– Ну, я понял, – сказал Симагин. – Завтра попробую начать дергать за ниточки. Ты не думай, кой-какие возможности у меня есть.
– Да ладно… – сказала Ася. – Знаешь, я уж забыла, зачем тебе это рассказываю. Просто так… Делюсь с не вполне чужим человеком.
– Спасибо, – проговорил Симагин. У него болели скулы – так стиснулись челюсти, пока слушал.
– Симагин, – в наглую попросила Ася, – а давай еще коньяку треснем.
– Давай, – улыбнулся Симагин и поднялся.
– А давай я закурю, – сказала Ася, внимательно глядя, как он разливает свою гомеопатию.

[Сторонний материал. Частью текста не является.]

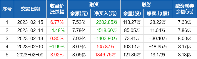 融资方面,当日融资买入1.03亿元,融资偿还1.29亿元,融资净偿还2602.85万元,连续3日净偿还累计5525.25万元。融券方面,融券卖出48.7万股,融券偿还20.48万股,融券余量113.27万股,融券余额1124.76万元。融资融券余额合计7.63亿元。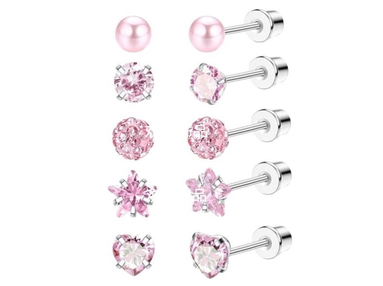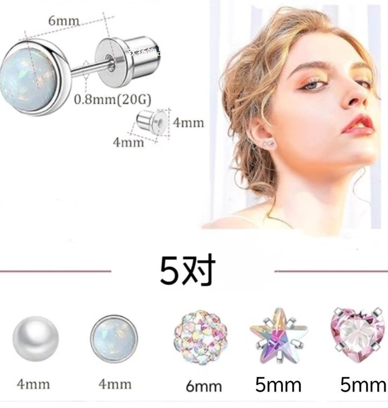 Steel color white pearl + aurora color (pictured) 5 pairs in a set, Steel pink series (pictured) 5 pairs in a ...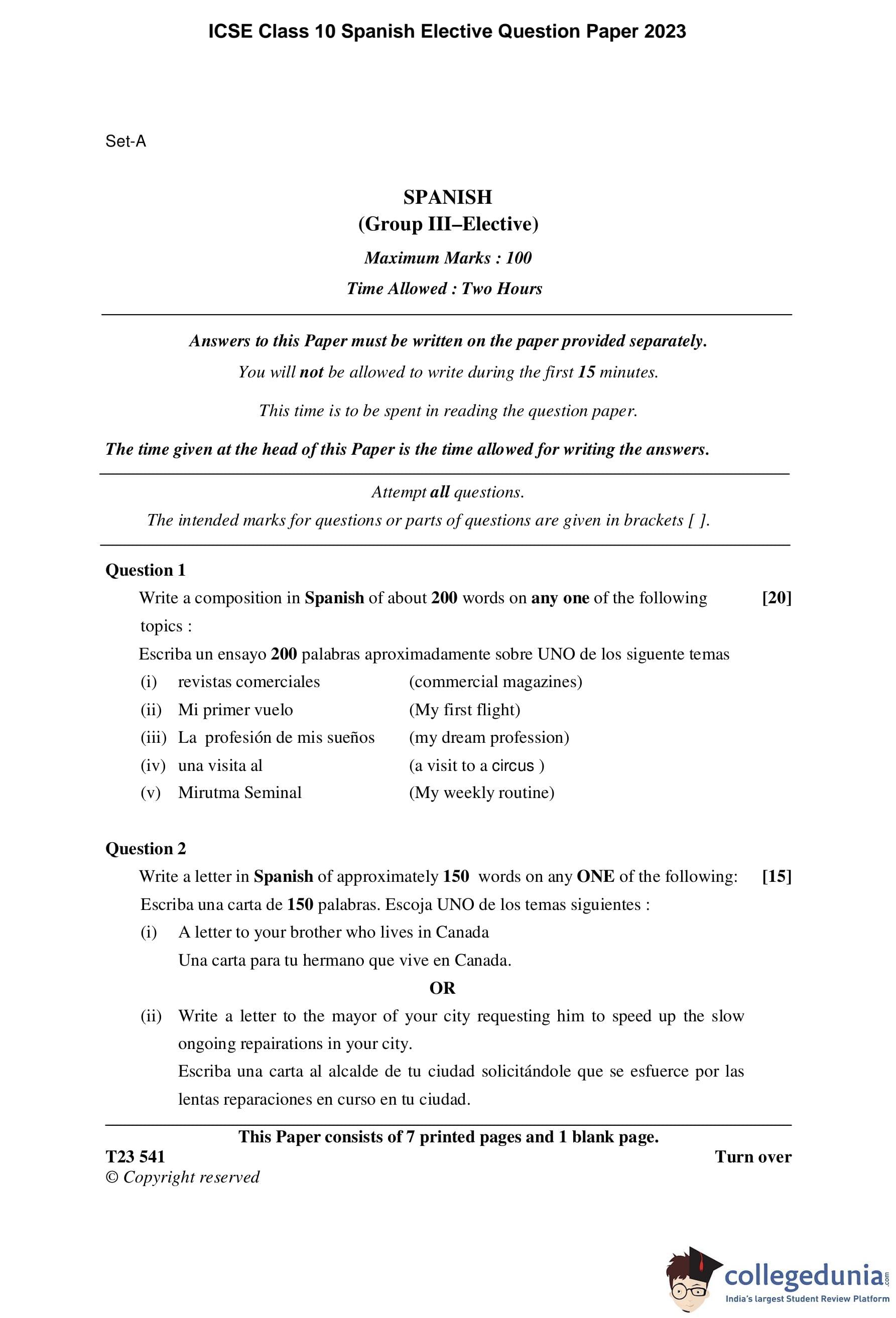 | ICSE Class 10 Spanish Question Paper 2023 PDF | ICSE Class 10 Spanish Answer Key 2023 PDF |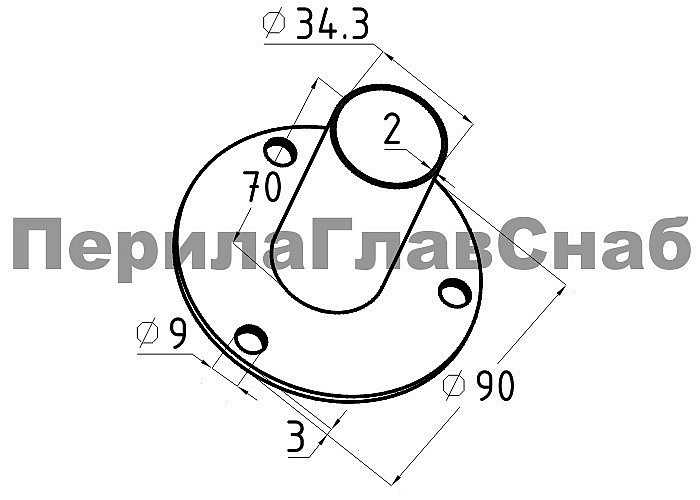 Деталь для крепления стойки из трубы Ø38.1 мм (k819, k849). Основание закрывается декоративной крышкой k201.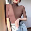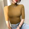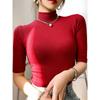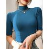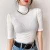 Threaded Short-sleeved T-shirt for Women Summer New Half-sleeved Turtleneck Bottoming Shirt with Inner Top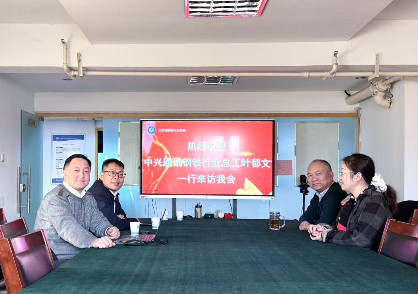 1月11日,中兴通讯5G行业总监张维庆、钢铁行业总工叶郁文一行来访我会,会晤省钢协会长陈洪冰、秘书长蒋莉,双方就钢铁行业“十五五”人工智能+钢铁数字化转型规划、智能制造升级及人工智能应用案例等议题展开了深入交流。

– Конечно, кури, Ася, какой разговор. Будь как дома.
– О-о! – сказала Ася. Теперь она просто блаженствовала. Ай да Александра. Тут и впрямь свет, подумала она, пригубив коньяк. С удовольствием раскурила сигарету. Выговорилась. До чего же славно выговорилась. Надо же, на сердце легче.
– Ась, – попросил Симагин, – а теперь расскажи все-таки, как тебя ко мне занесло.
– Ох, Андрюшка, это отдельный цирк. Ты сейчас просто обалдеешь! Значит, в полном бабьем отчаянии я хватаюсь уже за какие только подвернутся соломинки, и надо ж такому случиться…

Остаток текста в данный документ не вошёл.